# Materials provided
****************

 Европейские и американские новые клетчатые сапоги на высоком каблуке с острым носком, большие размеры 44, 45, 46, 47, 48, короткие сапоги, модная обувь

****************

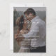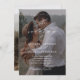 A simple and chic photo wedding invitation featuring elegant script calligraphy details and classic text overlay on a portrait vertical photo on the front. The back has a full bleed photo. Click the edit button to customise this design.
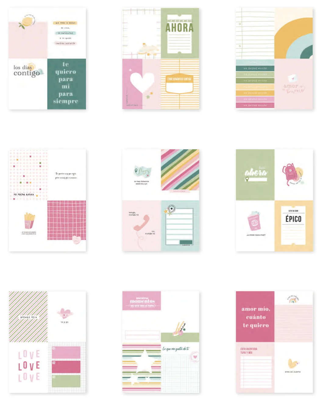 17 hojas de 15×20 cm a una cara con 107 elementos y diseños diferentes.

****************

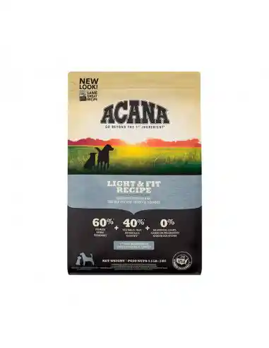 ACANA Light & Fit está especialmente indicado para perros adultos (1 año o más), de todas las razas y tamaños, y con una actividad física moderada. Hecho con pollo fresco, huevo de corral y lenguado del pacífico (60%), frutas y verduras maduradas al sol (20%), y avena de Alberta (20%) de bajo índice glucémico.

****************

# Exercise
In the listing above, find the line containing "A simple and" and the line containing "17 hojas de", then return both of them and every line between, exactly, without pictures.

# Written answer
 A simple and chic photo wedding invitation featuring elegant script calligraphy details and classic text overlay on a portrait vertical photo on the front. The back has a full bleed photo. Click the edit button to customise this design.
 17 hojas de 15×20 cm a una cara con 107 elementos y diseños diferentes.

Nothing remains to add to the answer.